Almost identical attacks led to a demonstration of 50,000 people in the German capital, Berlin, on the same day as the Amsterdam march.
These mobilisations are bringing together longstanding trade unionists with radicalised young people, immigrants and new sections of workers.
So three hours before the start people began pouring into the Museum Square, where the official programme of events took place.
At the same time 50,000 people participated in a “pre-march” calling on the government to resign.
Workers in Rotterdam harbour had struck for 24 hours, and young anti-capitalists pulled down a mock statue of the prime minister.
In the run-up to last Saturday 60,000 trade unionists participated in a massive strike in Rotterdam, uniting black and white workers in a city where the far right politician Pim Fortuyn started his career. Many thousands struck and demonstrated in other parts of the country.
All this has led to a public debate in Holland about the “return of the trade unions”. Much of the media is commenting on how the union mobilisations are no longer characterised by old bureaucrats but reflect the vibrant diversity of Dutch society.
The unions have now announced a “hot autumn” of activity. After years of calm in terms of strikes, there is a general feeling that the left is on the offensive.
In the coming weeks unions have called a strike on public transport, and are discussing national strikes in other sectors.
The government is in trouble. It was already unpopular for following George Bush’s disastrous war policy.
According to opinion polls, if there were new elections now prime minister Balkenende’s three- party coalition would lose its majority to opposition parties to its left.

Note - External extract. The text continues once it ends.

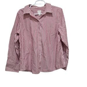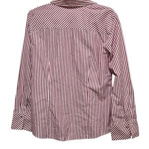 Stylish button down shirt with red and white stripes. Classic collar and long sleeves. Perfect for casual or formal wear.

One of the demonstrators on Saturday was Klaas Zantingh of the CNV union organisation, who is the chair of Balkenende’s CDA party in the town of Emmen.
He said if the CDA does not change its policies he will resign from the party.

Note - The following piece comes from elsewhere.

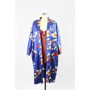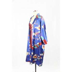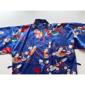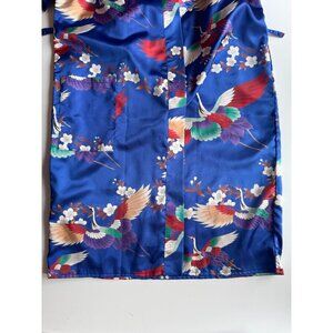 Vintage ICHIBAN Blue Oriental Floral Crane Print Satin Kimono Robe, One Size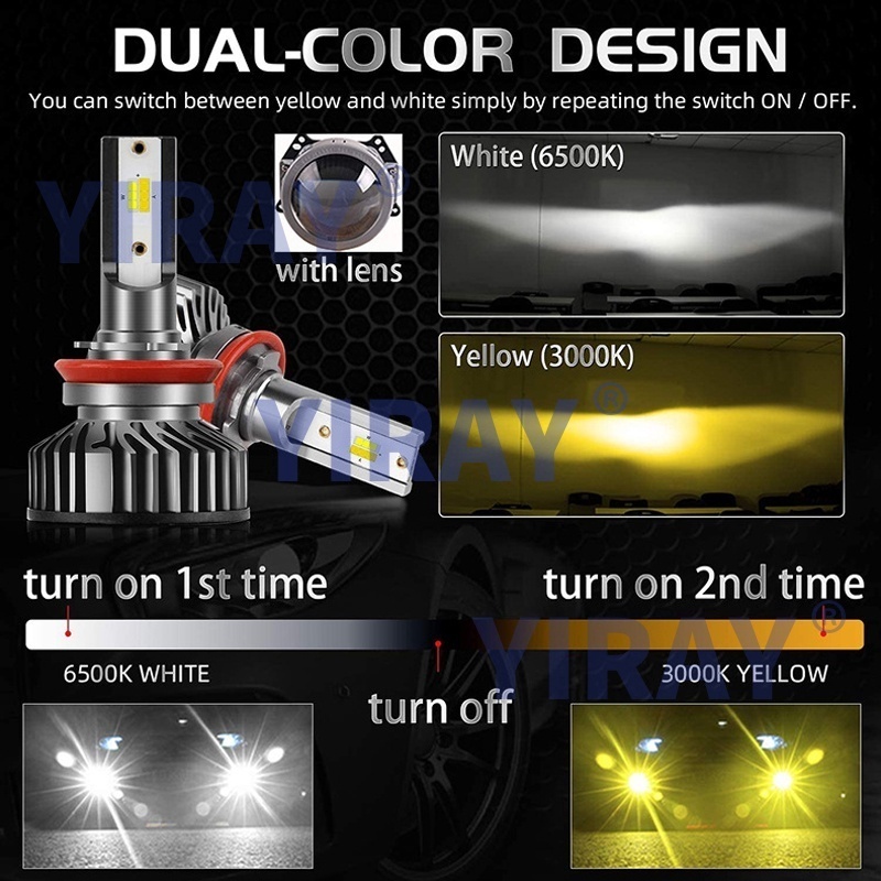 Tricolor LED Headlight H4 H11 H7 9005 HB3 9006 HB4 H1 H8 H9 9012 HIR2 Led lamp CSP CHIP Car Fog Light Bulb Canbus 12V 12

That’s just one indication of the political turmoil in Holland.
But a much deeper process is at work. Tory and Labour-type governments across Europe are ripping up a welfare state that has helped to provide stability for two generations.
In Holland in recent years we have seen how that can provide a breeding ground for right wing anti-immigrant forces.
In Germany the assault on welfare is coming from Gerhard Schröder’s Social Democratic and Green government, showing we need a political force to the left of social democracy to confront this assault.
Labour-type parties that are in opposition in Europe are trying to gain from the revolt against neo-liberalism. But large numbers of people remember what they were like in office.
So the discussion about a left alternative is raging.
It will be a theme at the European Social Forum in London next week.
And some of those at the heart of the movement in Holland are travelling to London to take part.